Changes in the tree line using remote sensing data are mainly identified with vegetation coverage or NDVI [26]. However, coniferous forests changed more slowly than tundra and shrubland in alpine tree line areas [26], and slow vegetation changes may be difficult to detect with low-resolution remote sensing data. Tree lines in coniferous forests in the Finnish Lapland have increased in tree density, and expanded upward in the last three decades, but that could not be detected with NDVI or land-cover classification from Landsat [27]. High-resolution remote sensing data make it possible to monitor some areas where the tree line does not change significantly even at species level, and where accuracy and precision of monitoring results will be improved [28]. The growth rate of Picea crassifolia Kom. natural forests in the Qilian Mountains is slow, and the natural renewal capacity of secondary forests is low [29], making it difficult to monitor forest changes using general remote sensing images, such as Landsat with a resolution of 30 m.
To improve monitoring of changes in Picea crassifolia Kom. forest, we chose high-resolution aerial photography and remote sensing images of the Dayekou watershed in the Qilian Mountains at a resolution of about 2 m for 1968, 2008, and 2017. We aimed to determine whether (1) the Picea crassifolia Kom. tree line in the Qilian Mountains changed in the past 50 years, (2) the landscape pattern of the tree line position has changed, and (3) changes were consistent with climate change. The results of this study provide a reference for high-resolution remote sensing image monitoring of the position and landscape pattern of forest tree lines for slowly growing coniferous forests in alpine mountain areas.

2. Materials and Methods

2.1. Study Area

We conducted this study at the Dayekou watershed (38°26′–38°35′ N, 100°14′–100°19′ E) in the upper reaches of the Heihe River Basin in the Qilian Mountains of China (Figure 1). It is located in the Xishui Forest District of the middle Qilian Mountains, and has an area of about 73 km2 at an altitude of 2500–4700 m. Slopes of the low-mountain areas in the Dayekou watershed are between 10 and 30°, and those of the high-mountain areas are about 40°. Climate in the Dayekou watershed is dry and semi-humid, with average annual temperature of 2.0–3.5 °C, and average July temperature of 10–14 °C. Annual precipitation is 350–450 mm, which is concentrated in June–September, annual evaporation is 1050–1100 mm, annual cumulative duration of sunshine is 1890–1900 h, and average annual relative humidity is 60% to 65%. The foundation species is Picea crassifolia Kom., which has patchy distribution on shaded and semi-shaded slopes at an altitude of 2500–3400 m. The areas also contain sparse Qilian juniper (Sabina przewalskii Kom.). The soil is mainly grey cinnamon and chestnut, and is characterized as relatively thin, with mainly silt sand texture [30].

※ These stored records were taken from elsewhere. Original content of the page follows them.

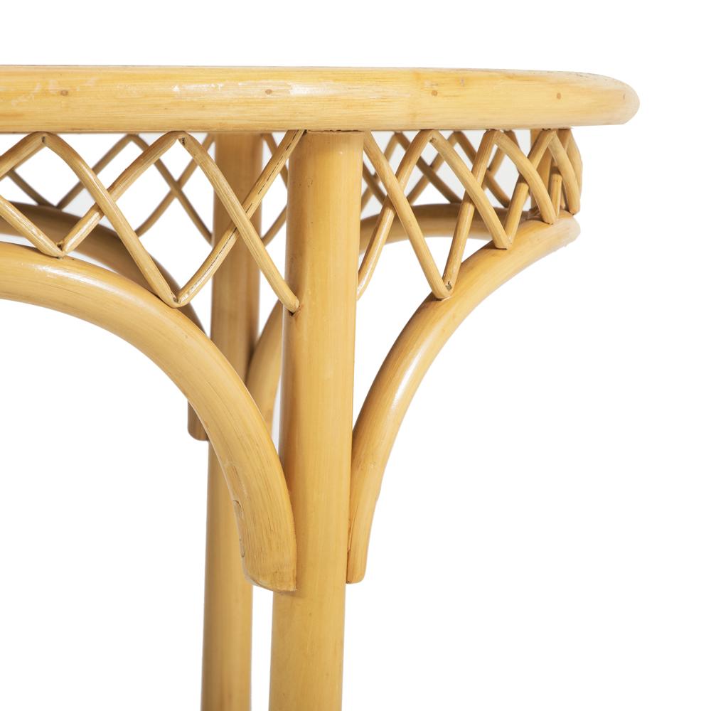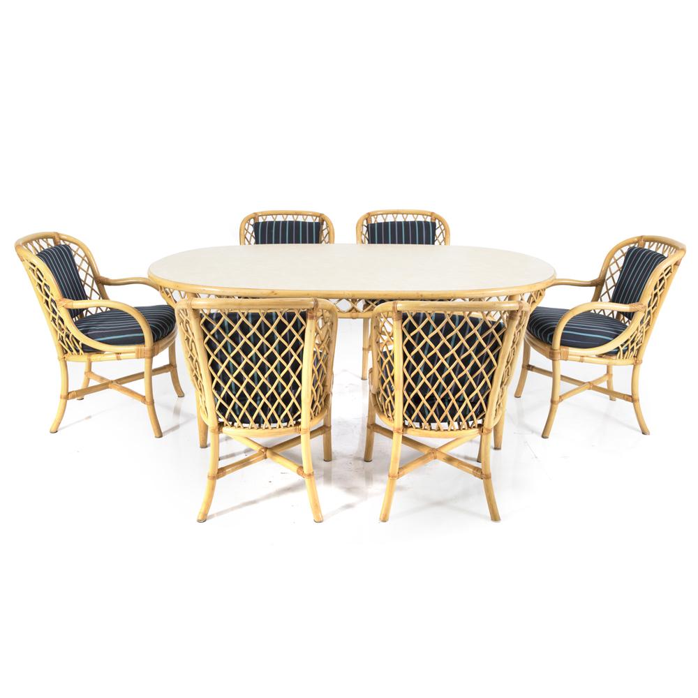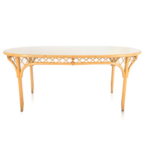 Details: Rattan outdoor table with cross hatching and white table top Dimensions: 29.5" H x 70.5" W x 43" D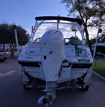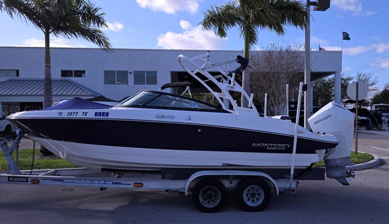 The Monterey M225 is a bowrider vessel with a wide bow as a deck boat. It is great family boat for day cruising or water sports. This M225 is nicely built and many options included. GPS , Sound System, Bimini, Boat Cover, Wakeboard Tower, Dual Battery Switch and Charger are among some of them. it is Powered by a Mercury 200 XL. An Aluminum Tandem Trailer is also included.
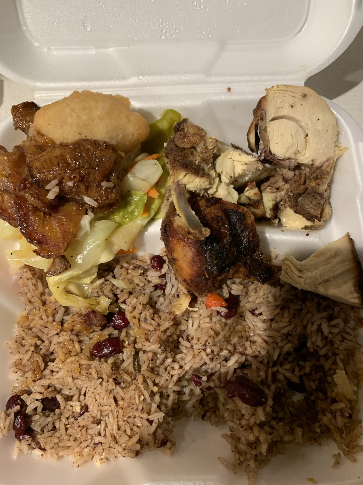 ย ย ย Read moreI owned a restaurant in the US Virgin Islands itโs hard for me to eat out because I am very tough critic when it comes to cooking West Indian foods. The presentation, customer service and one for me the taste of the food. The red peas rice was dry and grain was hard. The chicken didnโt have enough seasoning by the time I pour the jerk sauce on top that too just had bite of fire but again the taste wasnโt there it fall flat. My mouth wasnโt watering for more. Second the customer service was so so. The cashier couldnโt tell me if the food taste good when I ask to the point she looked annoyed that I asked. Yes I ask because things like this disappoints me. When I cook itโs with love, from my conch in butter sauce, pea soup, my curry chicken, oxtail, saltfish and Ducana, goat water, whelks, fish soup, bake Mac and cheese, sweet potato stuffing, my beef, saltfish Pattieโs and Johnny Cakes much more believe me when I say my customers can feel and taste the love from the order taker to the cook. Yes I am a damn good cook. Tourist and locals alike come back over and over because I offered a full package. I did not get the half the package today. I donโt recommend this Jamaica...
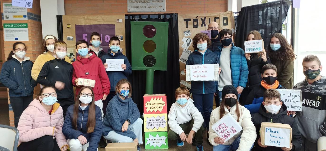 Desde el lunes pasado, el Centro Educativo ha estado decorado con frases de parejas sanas, relaciones que empiezan a resultar insanas y relaciones toxicas. Además de un semáforo de cartón elaborado por alumnos de valores y usado en el debate.El IES Dr. Fernández Santana de Los Santos ha trabajado desde las tutorías, actividades sobre roles y estereotipos de genero para los cursos de la ESO y para cursos superiores- bachillerato y módulos de Formación Profesional- sobre actividades de Violencia de Género en la RED.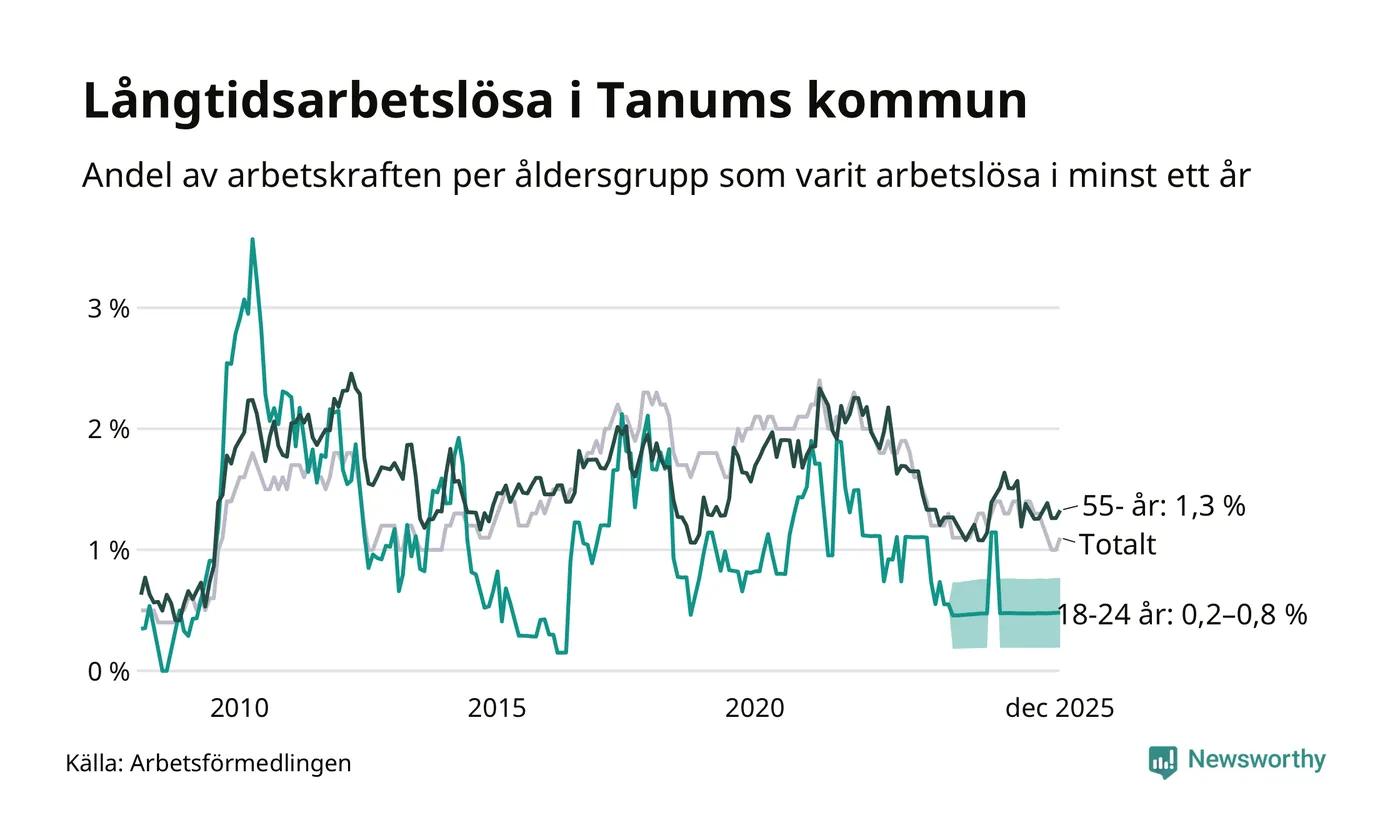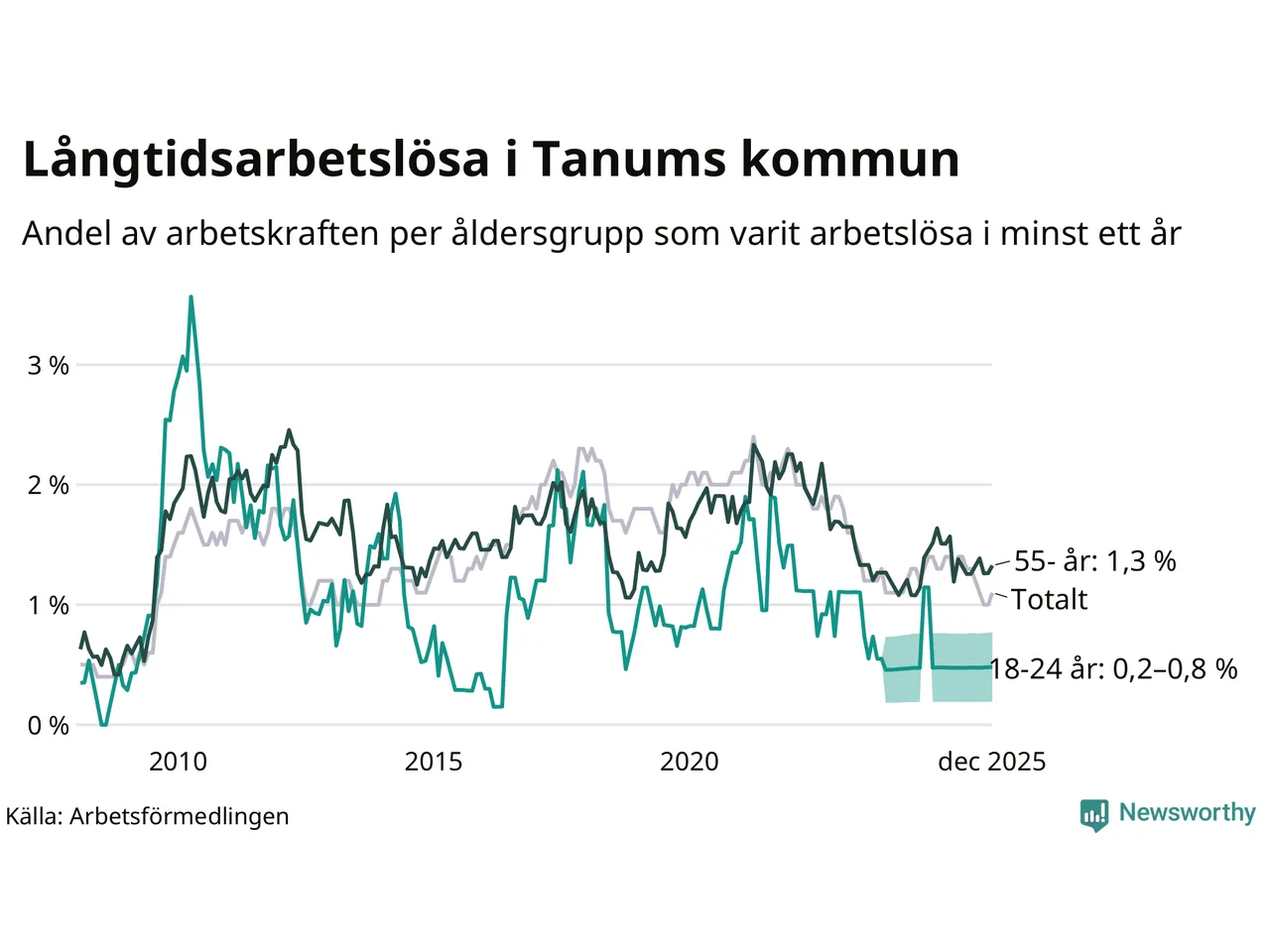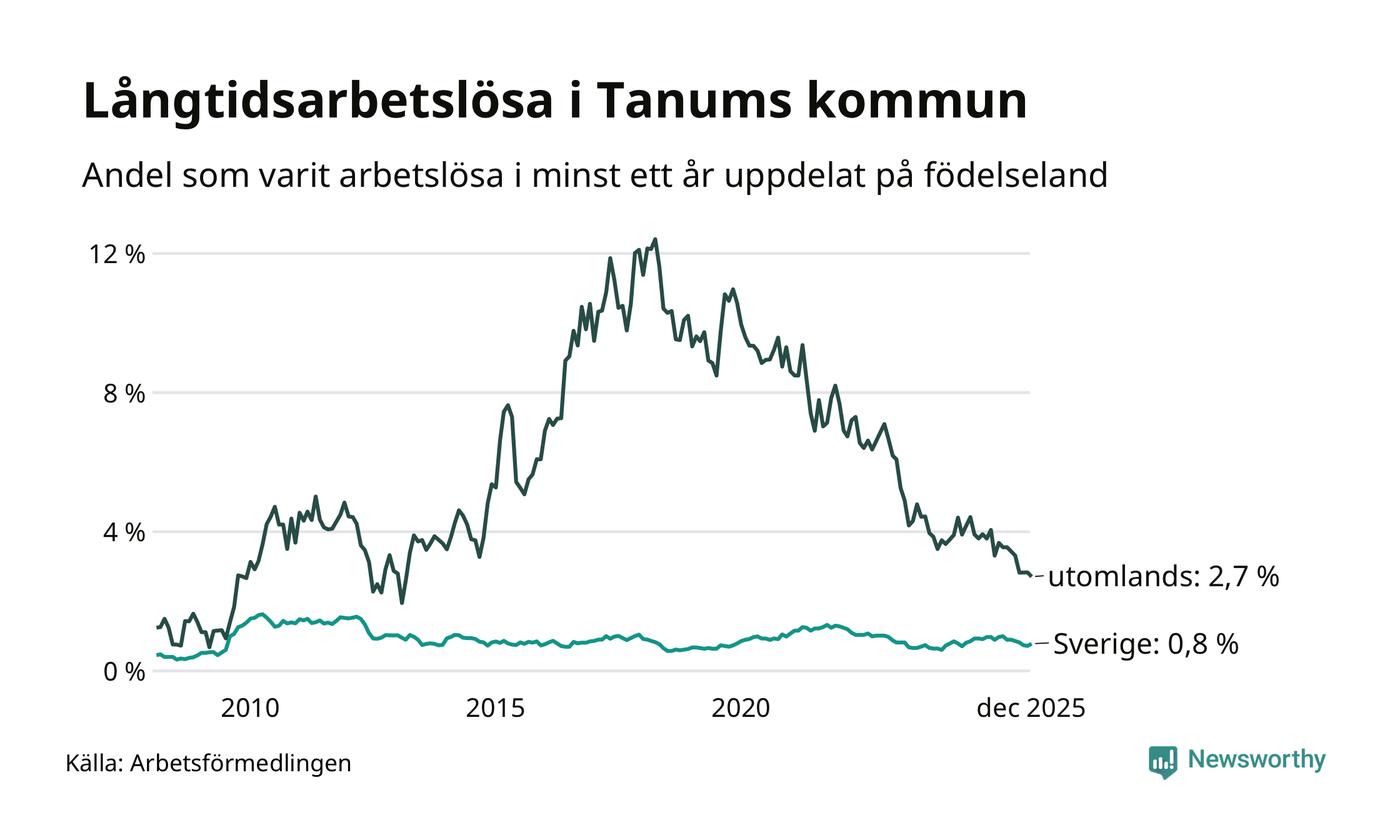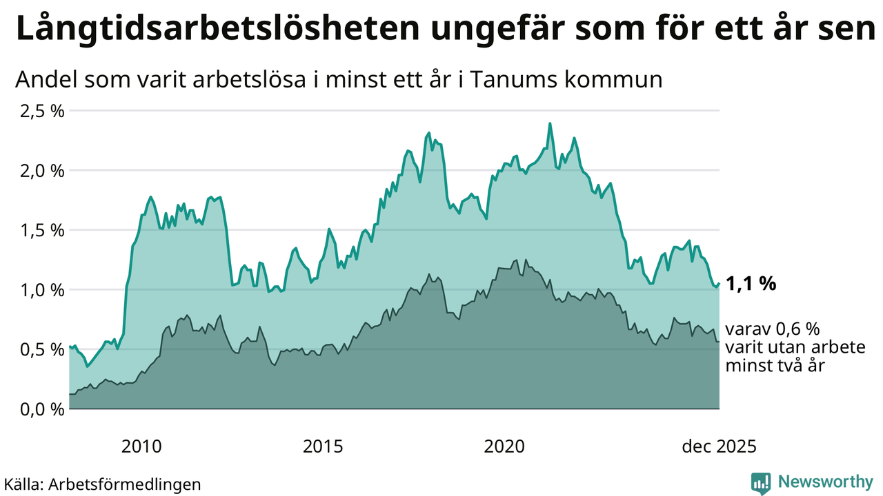 I december hade 60 Tanumsbor varit arbetslösa i minst ett år, vilket är två fler än månaden innan. Det är den första månaden sedan maj 2025 som antalet arbetslösa ökar. 60 personer motsvarar 1,1 procent av arbetskraften i kommunen – andelen långtidsarbetslösa är ungefär på samma nivå som för ett år sedan. Tanum tillhör de kommuner som har lägst andel långtidsarbetslösa i hela landet just nu.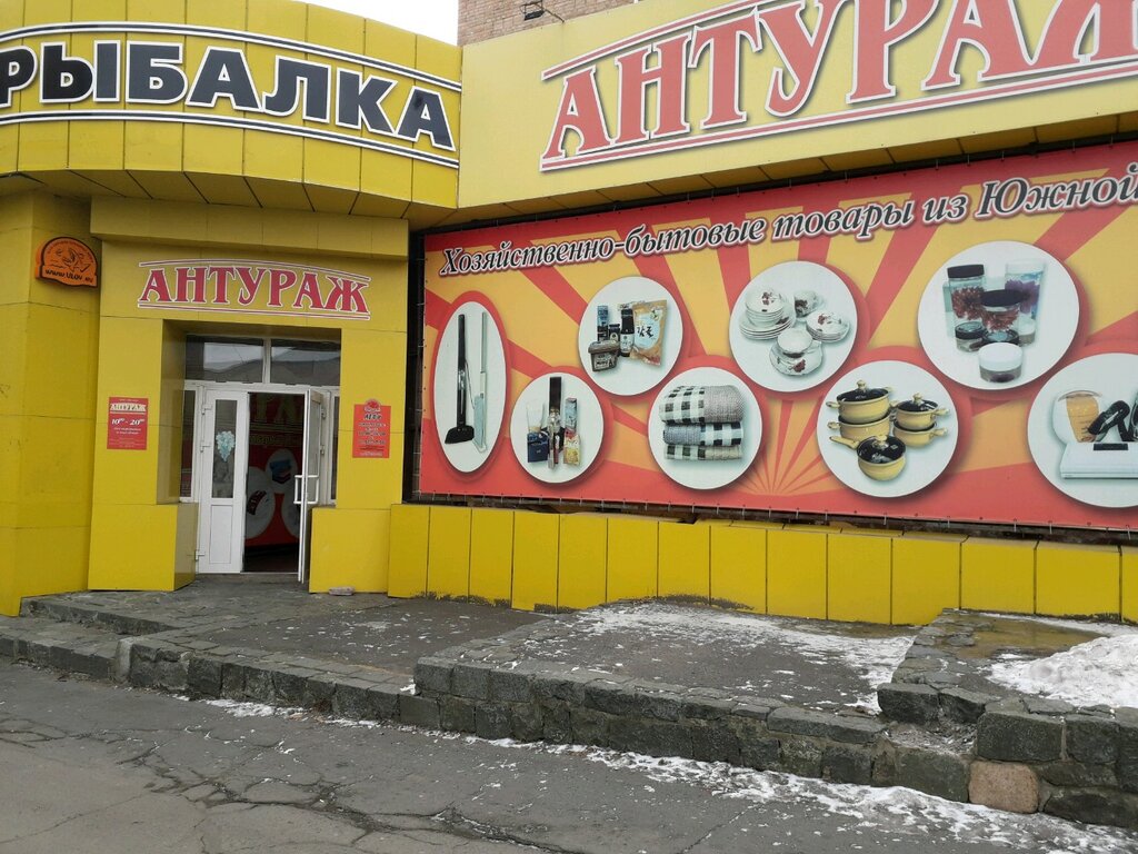 Магазин Антураж торгует различными товарами от одежды до хозяйственных мелочей. По соседству на этаже находиться магазин для рыбаков.

2.2. Remote-Sensing Data Acquisition and Pre-Processing

We chose high-resolution remote sensing images of the Dayekou watershed for 1968, 2008, and 2017. Specifically, we used the 1968 keyhole historical aerial photograph data [31] with a resolution of 1.8 m, the 2008 Quickbird image data [32] with a resolution of 2.4 m, and the 2017 ZY-3 satellite images [33] with a resolution of 2.1 m. The images had the least cloud amounts and high data quality and were selected among satellite images of similar resolution for the same period.
Next, we selected data for accuracy verification and digital elevation model (DEM) data from the Heihe Data Management Center (http://www.heihedata.org/) (Figure 2). First, we used the following datasets to establish a database of field sampling points to verify the accuracy of remote sensing image interpretation: (1) a dataset of forest structure at the fixed sampling plot in the Pailugou watershed and Dayekou watershed foci experiment area from 2003 [34], (2) a dataset of forest structure at the fixed sampling plot in the Pailugou watershed and Dayekou watershed foci experiment area for 2007 [35], (3) a dataset of forest structure at the temporary forest sampling plot in the Dayekou watershed foci experimental area for 2008 [36], (4) the Heihe Integrated Remote Sensing Joint Test, Arid Region Hydrological Experimental Area and Forest Hydrological Experimental Area, Land Use and Land Cover Survey Dataset [37], and (5) a dataset of forest structure measurements for the fixed forest sampling plots in the Dayekou and Pailugou watershed foci experimental areas (2003–2007) [38]. Then, we used the 1 m digital elevation model (DEM) of the Dayekou watershed established by wordview-2 data in 2012 [39] as the basis for extracting relevant terrain factors.
To improve accuracy of remote sensing classification, we used drone image photographed by DJI (Da Jiang Innovations) phantom 4 pro for areas with plantations and Qilian Juniper forests (Figure 3).
After pre-processing of the three images for atmospheric interference, and georeference calibration, we used the k-means unsupervised classification method in ENVI 5.3 [40] to classify patchy vegetation features more accurately [41], and to divide the Dayekou watershed into coniferous and non-coniferous forests. Some Qilian juniper trees in the coniferous forest were eliminated by visual adjustment based on forest canopy closure, distribution, location, and data from drone surveys; then, the remaining coniferous forests were classified as Picea crassifolia Kom. The accuracy of the decoded image was verified based on field and drone sampling points of the Heihe Data Center. The kappa index was 0.8630, and total accuracy was 93.67%. Finally, the distribution maps of Picea crassifolia Kom. forests in the Dayekou watershed for the 1968, 2008, and 2017 were obtained, and the boundary of the forest is the tree line. We have counted the maximum, minimum, and average values of each forest patch to explore the upper, lower, and overall tree line changes.

2.3. Data Analysis

2.3.1. Changes in the Distribution of Picea crassifolia Kom.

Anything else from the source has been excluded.